Our first hire was Micah Bennett, Zapier's head of support, who lives in Chicago (and is still a core part of our team). Between October 2012 and July 2014, we added eight more people to the team, with members living in Missouri, Nebraska, Pennsylvania, Florida, and Tennessee. And then we had our first international hires in August 2014, with writer Matthew Guay based in Bangkok, Thailand and full-stack engineer Rob Golding in Nottingham, UK.
Over the years, we've learned a few things about building and managing remote teams. Our story—and the stories of other remote companies—proves that it's possible to scale even when you're fully remote. Whether you're a small team or a large one, if you want to dip your toes into remote work, consider this your crash course.
Distributed team management: 3 ingredients for a successful remote work setup
It's highly unlikely you could pluck any random set of people, at any random moment in history, dispersed around the globe, put them together, and expect them to build something amazing.
We've found there are three important ingredients to making remote work successful: team, tools, and process.
By far, the most important ingredient is the team. Not everyone can work well in a remote environment. Not everyone can manage a remote team (though I suspect with a bit of time and learning, a lot of managers could figure out how to make it work). Therefore, it's important to assemble a team that's capable of executing in a remote environment. Here's what has made the best remote workers for us:
1. Hire doers
Doers will get stuff done even if they are working from a secluded island. You don't have to give doers tasks to know that something will get done. You'll still have to provide direction and guidance around the most important things to be executed, but in the absence of that, a doer will make something happen. One of Zapier's core values is "default to action"—teammates who embody that value get work done.

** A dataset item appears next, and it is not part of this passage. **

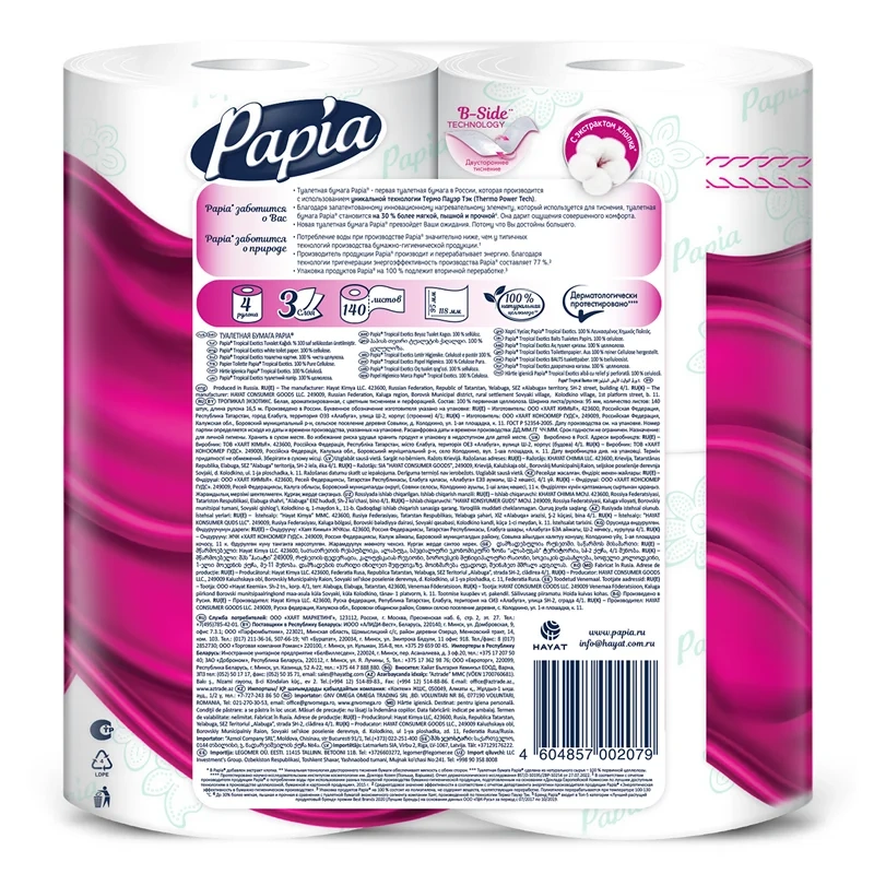Ароматизированная трехслойная туалетная бумага Papia 'Тропикал Экзотикс' с цветным тиснением и перфорацией. 'Тропикал Экзотикс' – нежный цветочный аромат подарит Вам наслаждение. Уникальная технология двустороннего тиснения бумаги обеспечивает лучшую впитываемость и мягкость с обеих сторон. Теперь содержит экстракт хлопка. Обновленная Papia - выбор тех, кто всегда стремится к большему. Благодаря новой, инновационной технологии Termo Power Tech туалетная бумага теперь еще более мягкая, пышная и прочная.

2. Hire people you can trust
Remote work stops working when you can't trust the person on the other end of the line. If you continually find yourself worrying what someone is doing, then you are spending brain cycles focusing on something other than the product or customers. Trust is key.
Related: How to build trust on a remote team
3. Trust the people you hire
The flip side of this is you also need to exhibit trust with the people you hire. As a manager, you need to learn to manage by expectations rather than by "butts in seat," so make sure you can show trust in those you hire.
4. Hire people who can write
In a co-located office, a lot of information is shared in person. In a remote situation, almost everything is shared via written communication. Communication is one of the most important parts of a remote team. Therefore, good writers are critical to a team's success.
5. Hire people who are ok without a social workplace
Socializing is important on a remote team, but the truth is that remote workplaces are usually less social than co-located ones. People on remote teams need to be ok with that and have their own social support system. And the best remote workers will thrive in this type of environment. That said, as you grow you might find multiple people in cities and some in-person social environments will emerge. For example, we currently have several people in Austin and Portland who routinely meet in person for co-working and other social events.
In a co-located facility, you can always round up the team for an all-hands meeting to steer everyone on track. In a remote team, you'll need the right tools to make sure everyone stays on the same page and can continue to execute without a physical person standing next to them.
Here are some tools we've found handy as a rapidly growing team. While the exact tools aren't super important, you likely will need a tool in certain categories like group chat and video conferencing to make remote successful. These tools have changed quite a bit over the years.
Slack is our virtual office. If you're in Slack, then you're at work. A group chat room like Slack is also great at creating camaraderie.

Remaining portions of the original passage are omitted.